**PROBLEM REQUIREMENTS:**
All lines from the one containing "(通讯稿 张宁)10月25日" down to the one containing "Verlagern Sie das", both ends included, are to be given again exactly; omit the rest of the listing below.

**EXERCISE MATERIALS:**
##############################

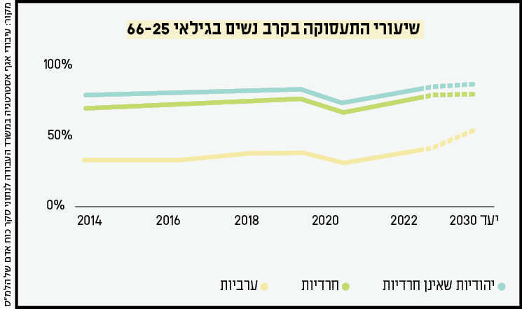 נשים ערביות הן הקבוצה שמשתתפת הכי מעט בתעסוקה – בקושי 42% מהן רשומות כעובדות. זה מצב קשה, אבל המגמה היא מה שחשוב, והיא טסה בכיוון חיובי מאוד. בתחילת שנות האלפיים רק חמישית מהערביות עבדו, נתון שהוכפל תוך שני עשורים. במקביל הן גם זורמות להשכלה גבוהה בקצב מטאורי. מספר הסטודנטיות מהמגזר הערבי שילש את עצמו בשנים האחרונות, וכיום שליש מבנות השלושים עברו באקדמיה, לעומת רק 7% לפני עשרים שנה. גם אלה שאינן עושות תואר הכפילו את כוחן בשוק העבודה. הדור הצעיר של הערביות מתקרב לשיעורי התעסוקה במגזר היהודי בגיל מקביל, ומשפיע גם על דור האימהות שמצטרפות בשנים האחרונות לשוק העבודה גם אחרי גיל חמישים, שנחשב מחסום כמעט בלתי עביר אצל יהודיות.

##############################

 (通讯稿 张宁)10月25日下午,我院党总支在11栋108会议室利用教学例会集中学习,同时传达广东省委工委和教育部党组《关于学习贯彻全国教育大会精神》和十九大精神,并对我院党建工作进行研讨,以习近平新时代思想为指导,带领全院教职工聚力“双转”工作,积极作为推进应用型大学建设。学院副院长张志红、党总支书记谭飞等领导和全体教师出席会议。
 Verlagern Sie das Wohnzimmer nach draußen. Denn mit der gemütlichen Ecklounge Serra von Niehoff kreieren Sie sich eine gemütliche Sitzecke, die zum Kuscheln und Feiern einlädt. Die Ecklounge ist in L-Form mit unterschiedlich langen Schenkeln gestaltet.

##############################

**EXERCISE RESPONSE:**
 (通讯稿 张宁)10月25日下午,我院党总支在11栋108会议室利用教学例会集中学习,同时传达广东省委工委和教育部党组《关于学习贯彻全国教育大会精神》和十九大精神,并对我院党建工作进行研讨,以习近平新时代思想为指导,带领全院教职工聚力“双转”工作,积极作为推进应用型大学建设。学院副院长张志红、党总支书记谭飞等领导和全体教师出席会议。
 Verlagern Sie das Wohnzimmer nach draußen. Denn mit der gemütlichen Ecklounge Serra von Niehoff kreieren Sie sich eine gemütliche Sitzecke, die zum Kuscheln und Feiern einlädt. Die Ecklounge ist in L-Form mit unterschiedlich langen Schenkeln gestaltet.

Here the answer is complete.